_What needs to be done:_
Your output must be the lines below from the line containing "髭キャラクターの可愛らしいデ" to the line containing "El Spray Entrenador", both lines included, reproduced exactly and without pictures.

_Dataset:_
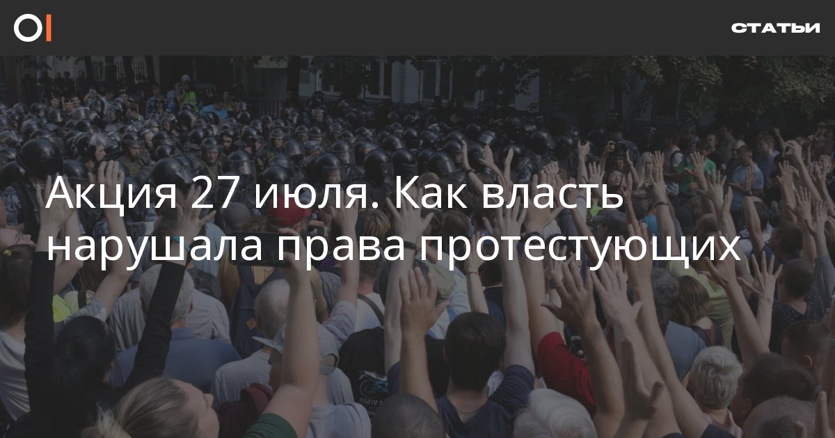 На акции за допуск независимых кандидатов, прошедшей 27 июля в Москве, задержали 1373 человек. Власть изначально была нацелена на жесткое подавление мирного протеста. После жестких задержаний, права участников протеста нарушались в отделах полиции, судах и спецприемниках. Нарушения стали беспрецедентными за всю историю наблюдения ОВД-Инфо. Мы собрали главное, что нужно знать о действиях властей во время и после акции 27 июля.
--
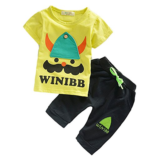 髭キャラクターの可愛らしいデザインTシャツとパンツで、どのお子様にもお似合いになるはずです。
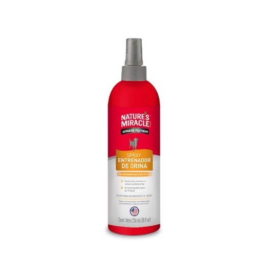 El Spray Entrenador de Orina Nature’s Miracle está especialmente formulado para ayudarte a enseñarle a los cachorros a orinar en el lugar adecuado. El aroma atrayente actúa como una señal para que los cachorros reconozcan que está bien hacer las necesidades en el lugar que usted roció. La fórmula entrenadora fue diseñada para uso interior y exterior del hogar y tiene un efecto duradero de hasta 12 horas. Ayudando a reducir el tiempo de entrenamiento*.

_Answer to this problem:_
 髭キャラクターの可愛らしいデザインTシャツとパンツで、どのお子様にもお似合いになるはずです。
 El Spray Entrenador de Orina Nature’s Miracle está especialmente formulado para ayudarte a enseñarle a los cachorros a orinar en el lugar adecuado. El aroma atrayente actúa como una señal para que los cachorros reconozcan que está bien hacer las necesidades en el lugar que usted roció. La fórmula entrenadora fue diseñada para uso interior y exterior del hogar y tiene un efecto duradero de hasta 12 horas. Ayudando a reducir el tiempo de entrenamiento*.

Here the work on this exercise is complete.